InfoQ: In your opinion, what are some of the most underutilized features in Vue?

Pollack: The first would be the animations and transitions. I think, animations and transitions in general in web applications, there's not many companies take full of advantage of using them to create beautiful user interfaces.  So I love how easy it is to create animations and transitions, and I think some of that comes down from the fact that Evan You, the guy who created vue, his background is that he's a designer! So I think that's partially his influence that he wanted from the get go for Vue to be very accessible to designers who have perhaps less code experience to still jump in and use a framework, which is great. That's one of them.

Underutilized… I would say server-side rendering. There's probably a lot of Vue apps out there that if they took full of advantage of how you can render out your templates before they get back out to the server. It's even not clear to me like all the different stages of that, I need to figure out… if you really want to scale your app, there's ways to not just render templates out but render your webpages so they have actual files that are getting loaded by the browser so that only the most dynamic parts of your application are getting loaded inside the browser.  

The different levels of that and scalability and that has really gotten solidified over the last few months. You can use Nuxt or you can even just do it yourself with some of the server-side rendering - I think that's in vue-loader. There's some stuff in there that allows you to play around with that and makes things really scalable and really quick.

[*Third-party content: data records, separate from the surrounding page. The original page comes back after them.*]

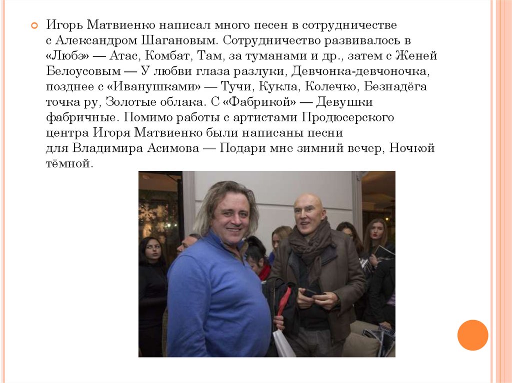 Остальные сотрудничества не столь долгие иплодотворные. Игорь Матвиенко также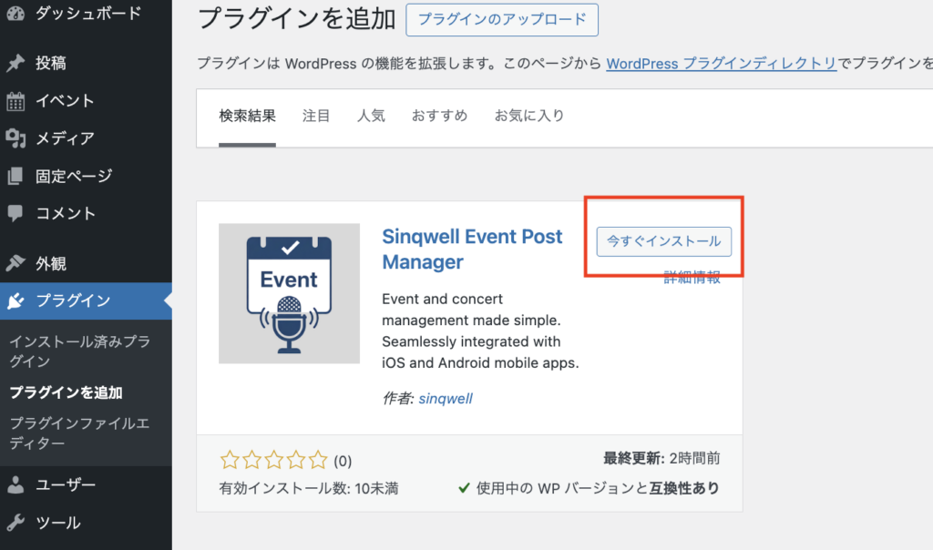 Sinqwell Event Post Managerと検索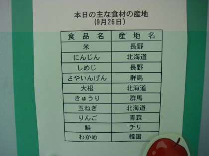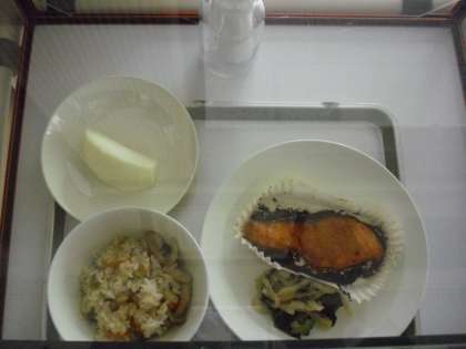 今日の献立はしめじごはん、牛乳、魚のみそマヨネーズ焼き、わかめサラダ、くだものです。

InfoQ: You have a ton of experience teaching people how to code. How would you recommend developers who are coming to Vue for the first time get started?

Pollack: Go straight to VueMastery.com! I believe the beginner content should always be free, so our beginner content at VueMastery.com will always be free. And we spent a lot of time and energy creating that. You don't even have to create an account and you can watch all of our videos and start learning. So I think that's a really great resource, as well as of course the Vue documentation, and the guide there for getting started. It's brilliant.

When you get started with a technology you're not gonna use just one resource, I can't hand you one book and say ‘here's everything that you're ever going to need to know', so you going to learn from multiple resources and there's lots of great free resources. There's the documentation, there is Vue Mastery, there's laracasts that has a free Vue Course that's also really amazing.

Also for free over on Vue Mastery, we have the Vue essentials cheat sheet. I know when I get started on a technology, it's so nice to have all the syntax in front of me. So we spent a few weeks creating a two-sided cheat sheet that gives you all the essential syntax at your fingertips. So when you start building stuff, you don't have to always be looking at the docs - you can have it on your desktop, your second screen, or just print it out and look up the syntax you need.